Teens have a knack for instantaneously inducing insanity in the adults around them. They’re stubborn, closed, risk-taking, and their, “That’s not normal” alarm is clearly malfunctioning – they think everything isn’t normal (Exhibit A: you) except for the questionable hooligans they call friends. So, how do you, as a parent, not just survive this but actually help your once-upon-a-time sane child as well?

In the next article we’ll get into specific skills. For now, you need to know two things about the teenage brain to have any hope of navigating this problem. Dr. Larry Steinberg, a leading researcher on teenage risk-taking has found that, first, the rational decision-making system of the brain develops quite early. As hard as this is to believe, your teen is no more “irrational” than you. This uncomfortable fact is largely what’s behind those punishingly sharp arguments you’re beginning to have. The kid’s starting to make some sense – in a zombie sort of way. The take home, here, is your teen also realizes there’s a problem between you two and is at as much of a loss explaining or fixing it as you.

Second, as near as Steinberg can tell, teens are like sports cars without breaks. The make and model of this car is the socio-emotional system. It develops quite early and is behind the ecstatic feeling of bliss when around friends and the crushing desperation of nihilism when alone.
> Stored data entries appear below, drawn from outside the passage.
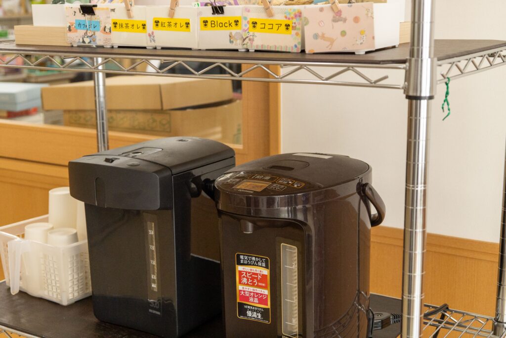 ⑥無料コーヒーコーナー…「ちょっと一息つきたい」そんな時にいつでも利用できるように、コーヒーコーナーを設置しています。ある施設では、スティック状のカフェラテなども設置しています。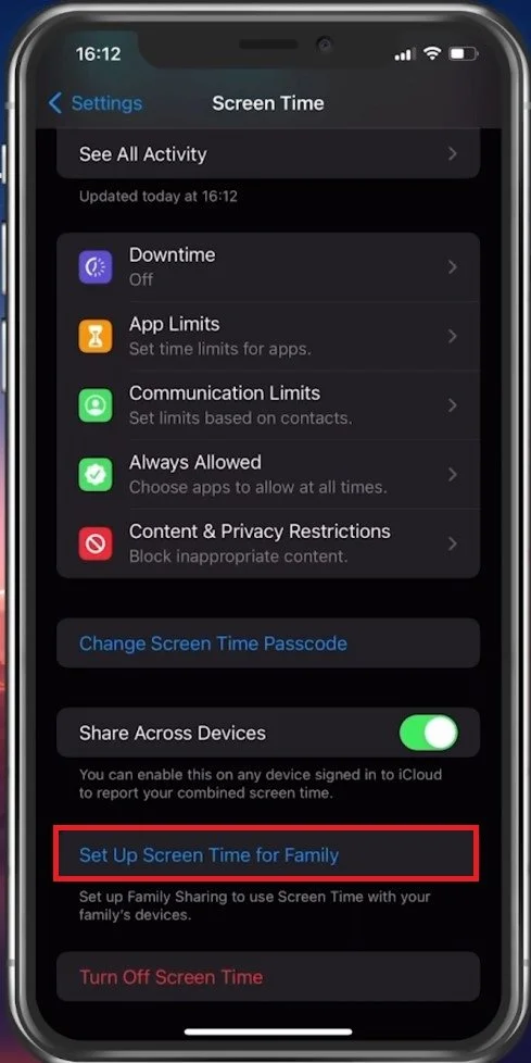 iPhone Settings > Screen Time > Set Up Screen Time for Family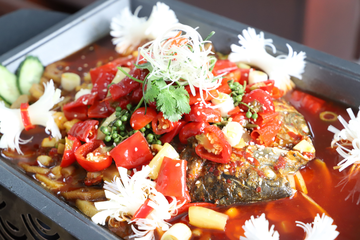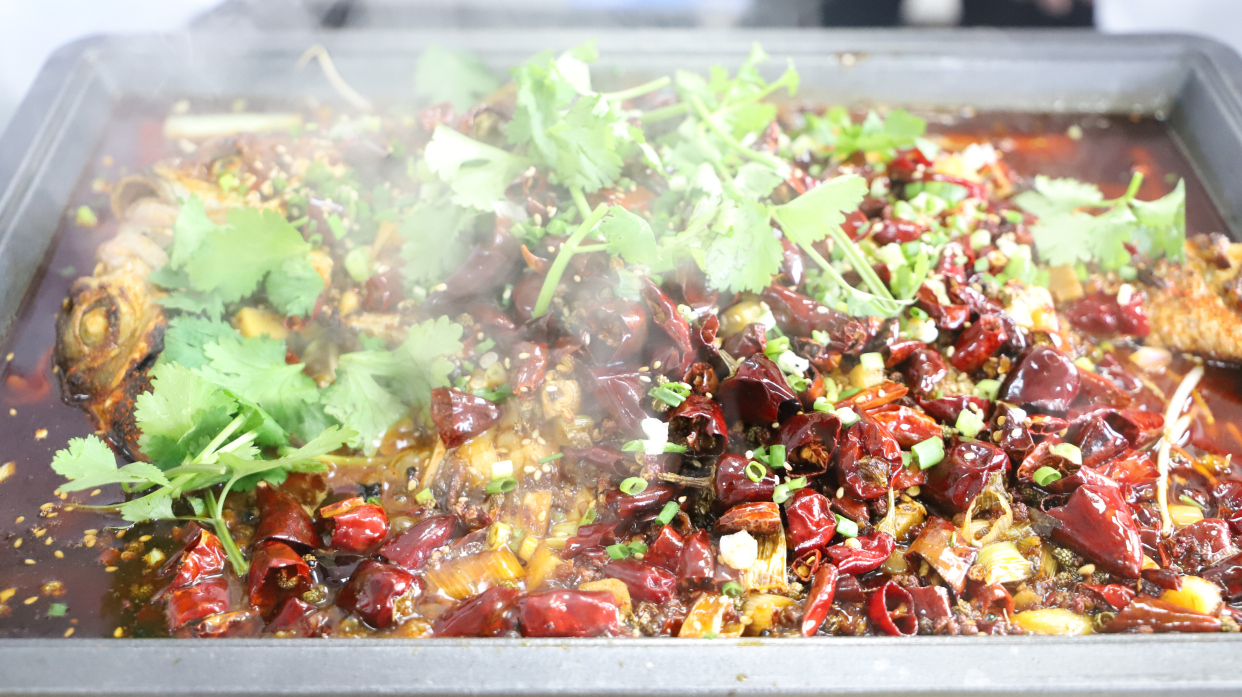 一道传统的万州烤鱼,是麻、辣、鲜、香的完美糅合,需辣椒充分迸发出来。猛火,热油,辣椒和配料依次爆香,既除掉了鱼的腥味,又完全激发了鱼的鲜美。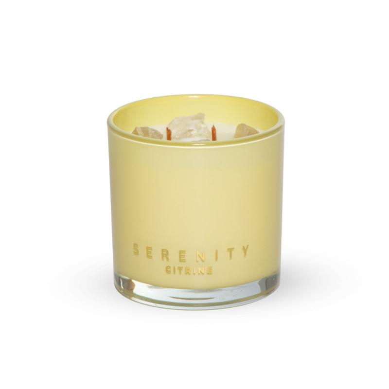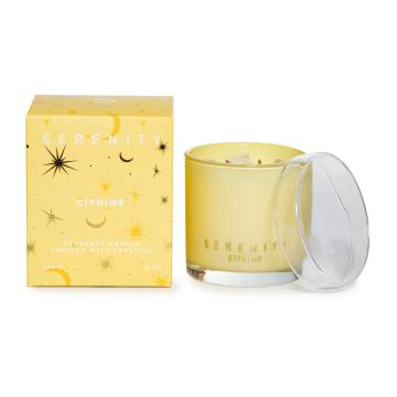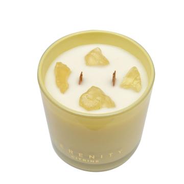 Свічка в скляному свічнику із кристалами Цитрина аромат Лемонграс 300г

Teens are figuring out who they are and self-discovery is, by definition, a social act of comparison. And, that act is going 250 miles an hour. Your teen is literally a friends-addict.

The underdeveloped cognitive-control system is the missing breaks. This system finishes developing in your early 20’s and enable planning, consequences reward and risk comparison, emotional self-regulation, inhibition, and abstract thinking. This amounts to intense short-term thinking, emotional instability, and blindness to consequences. So, teenager stuff.

Putting these pieces together, your teen is rational enough to both see and be confused by how he’s being torn in two by the intense need to be with others and know himself. At the same time, he’s recklessly writing checks his body can’t cash – on a biological level he literally doesn’t know when to quit. Man, I’m glad I’m not a teenager.